=== Dataset extract ===

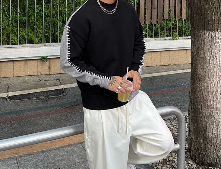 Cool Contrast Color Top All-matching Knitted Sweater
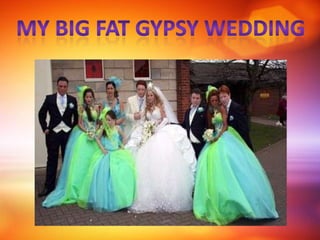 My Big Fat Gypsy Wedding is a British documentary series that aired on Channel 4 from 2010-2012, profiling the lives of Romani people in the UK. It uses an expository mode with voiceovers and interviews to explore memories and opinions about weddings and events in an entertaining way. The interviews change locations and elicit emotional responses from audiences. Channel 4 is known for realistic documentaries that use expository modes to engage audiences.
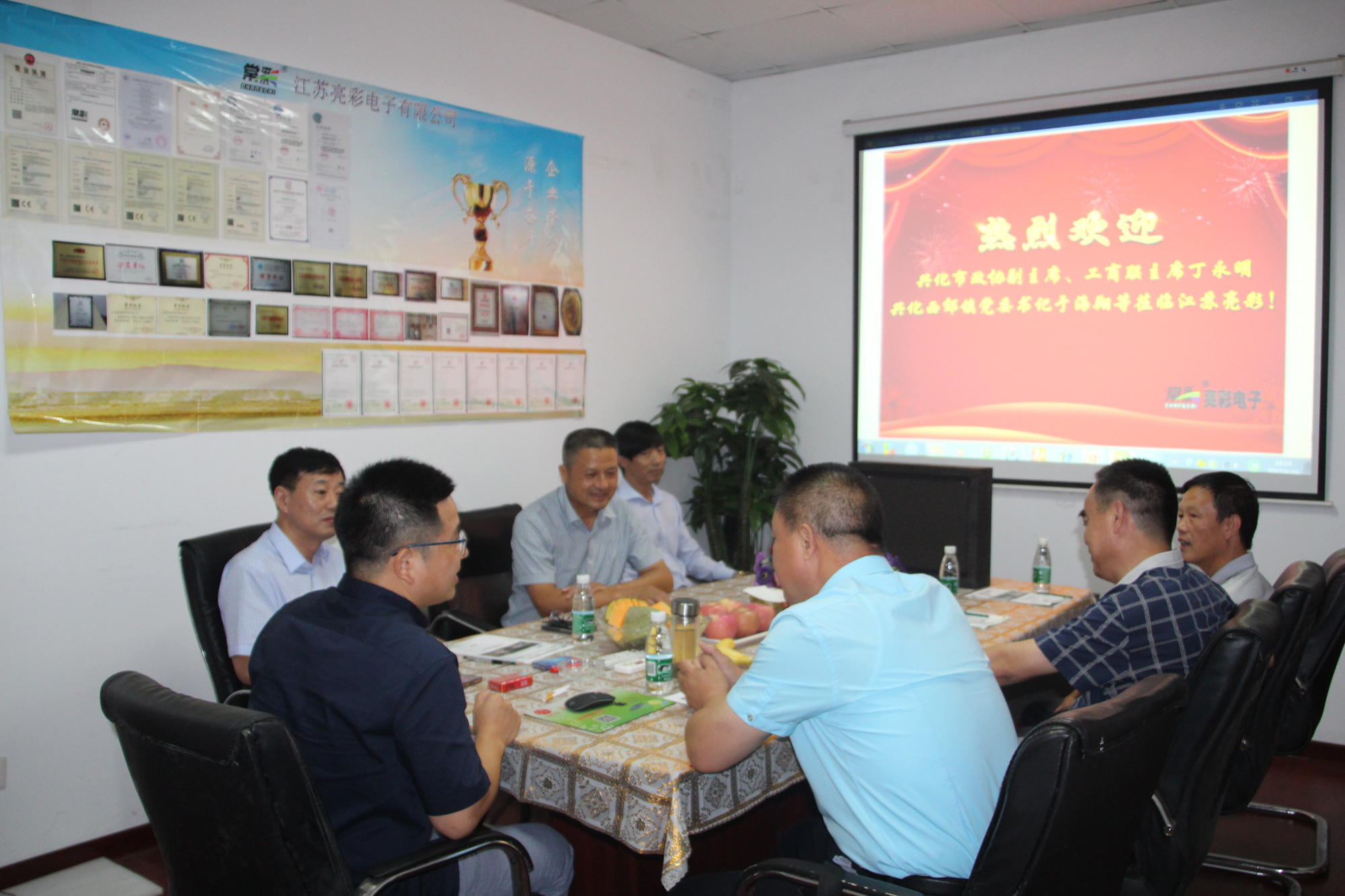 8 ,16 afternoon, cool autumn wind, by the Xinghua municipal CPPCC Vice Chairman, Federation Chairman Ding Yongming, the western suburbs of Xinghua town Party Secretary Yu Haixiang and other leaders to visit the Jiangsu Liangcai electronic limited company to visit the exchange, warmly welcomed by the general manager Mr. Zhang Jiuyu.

===

→ What is needed:
A verbatim transcription of the listing is expected, with no pictures included.

→ Written answer:
 Cool Contrast Color Top All-matching Knitted Sweater
 My Big Fat Gypsy Wedding is a British documentary series that aired on Channel 4 from 2010-2012, profiling the lives of Romani people in the UK. It uses an expository mode with voiceovers and interviews to explore memories and opinions about weddings and events in an entertaining way. The interviews change locations and elicit emotional responses from audiences. Channel 4 is known for realistic documentaries that use expository modes to engage audiences.
 8 ,16 afternoon, cool autumn wind, by the Xinghua municipal CPPCC Vice Chairman, Federation Chairman Ding Yongming, the western suburbs of Xinghua town Party Secretary Yu Haixiang and other leaders to visit the Jiangsu Liangcai electronic limited company to visit the exchange, warmly welcomed by the general manager Mr. Zhang Jiuyu.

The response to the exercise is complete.